Key Experimental Results¶

Main Results¶

Method	TR-OP Recall	DynaPD Recall	Speed (s/URL)
Ours (MPA)	93.4%	93.6%	4.46
PhishLLM	~80%	~88%	14.2
MLLM	~82%	~85%	5.1
URLTran	~86%	—	2.8 (inc. training)

Ablation Study¶

Configuration	Key Metric	Description
Full MPA	93.4% Recall	All components included
- Memory System	-27% Recall	Memory is the largest contributor
- Tool Design	Performance Drop	Specialized tools outperform general tools
Prompt-based Baseline	Poor	Fixed flows are inferior to adaptive selection

Key Findings¶

The episodic memory system contributes a significant 27% recall improvement without additional computational overhead.
MPA is the fastest among all methods (4.46s/URL) because the memory system skips massive amounts of redundant analysis.
On real-world social media data (SocPhish), recall improved by 20%, indicating a greater advantage in real-world scenarios.
Production deployment processes ~60K high-risk URLs weekly, achieving a 91.44% recall rate.
URL shorteners and platform-hosted paths (e.g., sites.google.com) are blind spots for traditional methods; MPA overcomes this via multi-modal tools.

Highlights & Insights¶

Deployed in Production: Beyond academic work, it has been verified in Amazon's production environment protecting millions of users, providing strong practical evidence.
Incredible Memory Impact: A 27% recall boost with no extra compute—because repetitive patterns are handled via voting, reducing LLM calls.
Professional and Complementary Tool Design: 5 tools collect evidence across text, vision, search, and link dimensions.
Balanced Efficiency and Accuracy: The three-level memory strategy performs full analysis on unseen patterns while making rapid decisions on known patterns.

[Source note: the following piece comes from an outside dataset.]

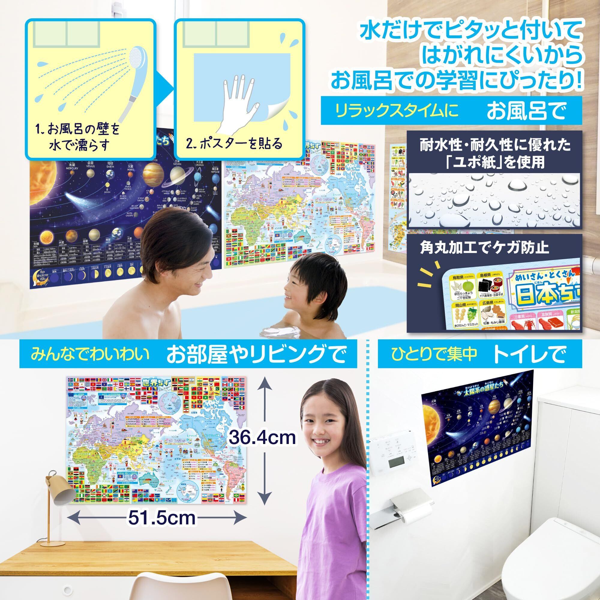 お風呂の学校 日本地図&世界地図&宇宙地図(太陽系)お風呂ポスター 3枚セット 日本製 B3サイズ 地理 社会 知育 学習 防水
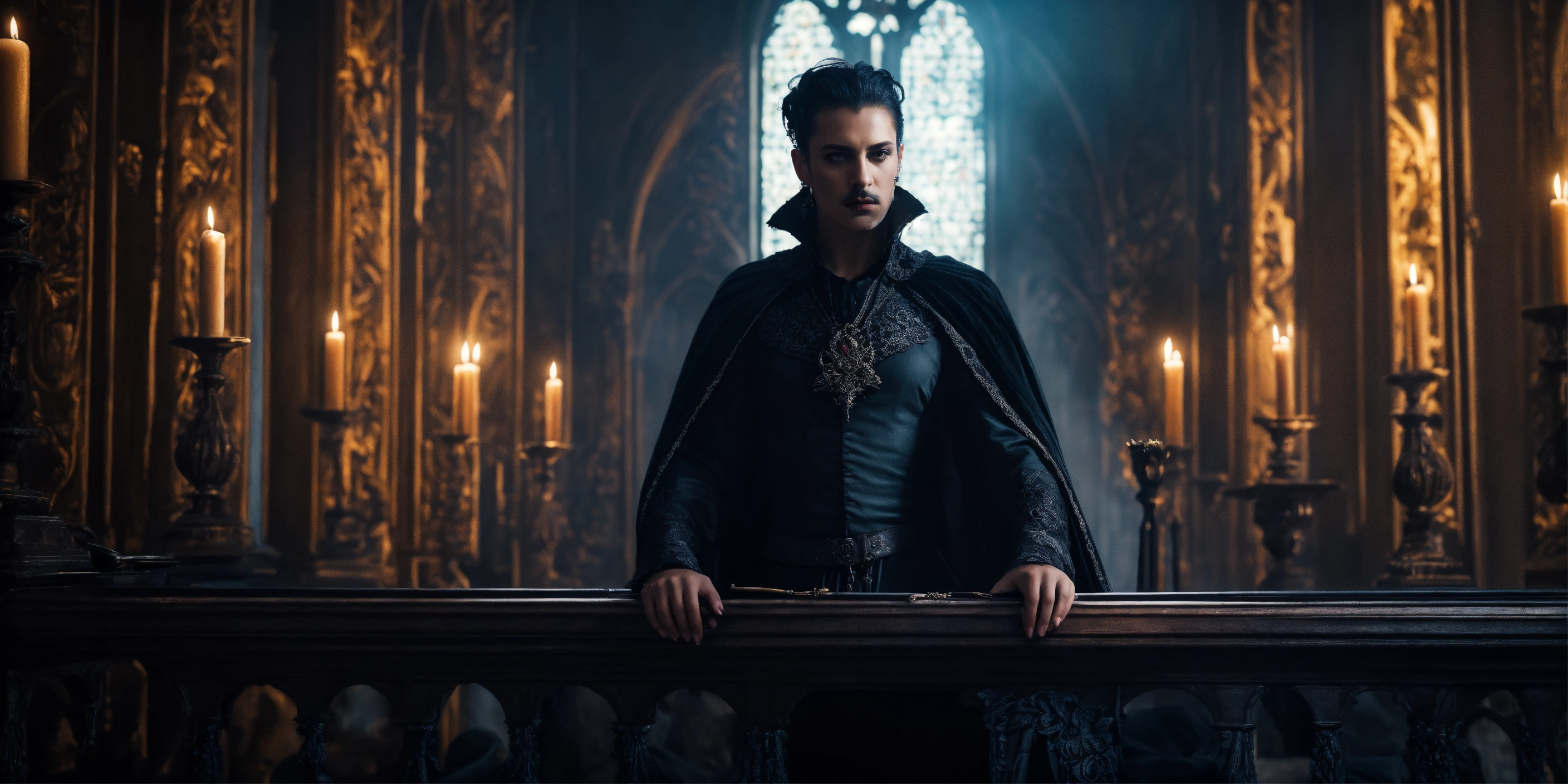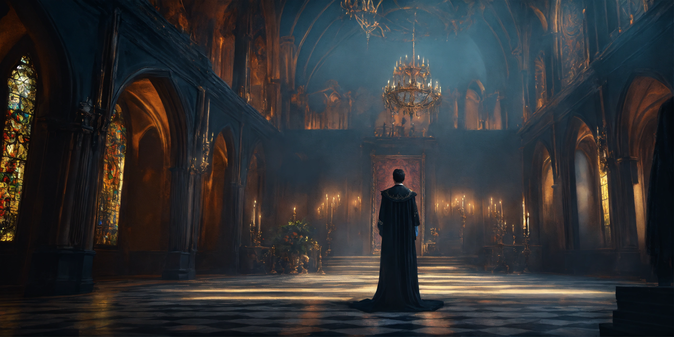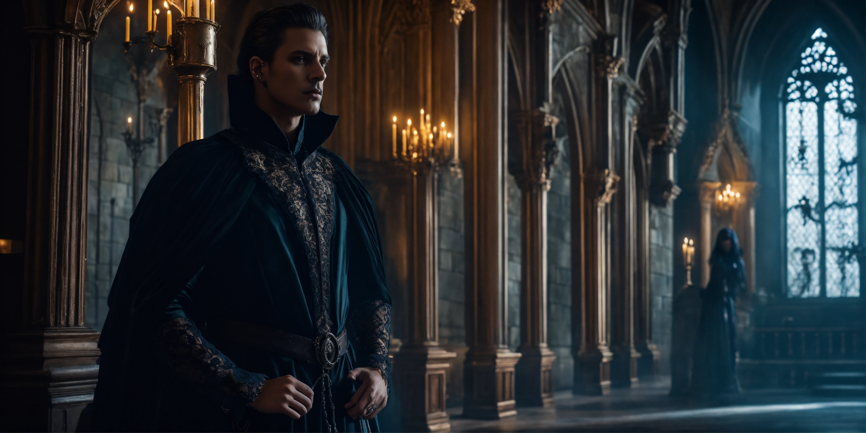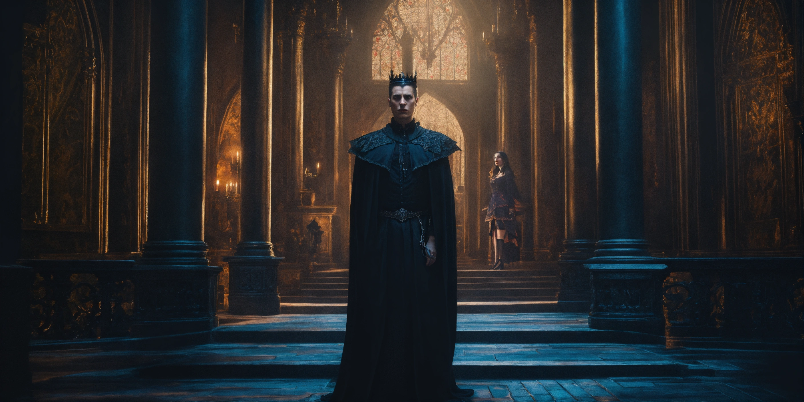 Queen of darkness in a gothic castle stands opposite a beautiful man, mystic, dark fantasy, realistic photo, high detail, digital painting, cinematic, stunning, hyper-realistic, sharp focus, high resolution 8k, insanely detailed

Limitations & Future Work¶

Dependency on External LLM APIs: Latency and cost associated with models like Claude-3-Sonnet.
Memory Pollution: If early incorrect judgments are stored in memory, they may affect subsequent decisions.
Focus Restricted to Phishing URLs: Other security threats (e.g., malware distribution) are not currently covered.
Future Directions: Memory self-correction mechanisms, expansion to more security threat types, and using lightweight local models to replace APIs.

vs PhishLLM: Uses LLM for brand extraction and intent recognition but remains a fixed pipeline; MPA dynamically selects tools.
vs Cao et al. (2025): Multi-modal LLM for phishing detection but uses a fixed evidence acquisition flow and lacks memory.
vs General Agent Frameworks: Generic tools and reasoning are less effective than MPA's specialized phishing tools.

Rating¶

Novelty: ⭐⭐⭐⭐ First memory-augmented LLM Agent for phishing, with a sophisticated episodic memory system.
Experimental Thoroughness: ⭐⭐⭐⭐⭐ Verified on two public benchmarks, real-world social media data, and production deployment; comprehensive ablation.
Writing Quality: ⭐⭐⭐⭐ Clear threat model definition and intuitive system architecture diagrams.
Value: ⭐⭐⭐⭐⭐ Validated in production, offering direct application value for Security AI.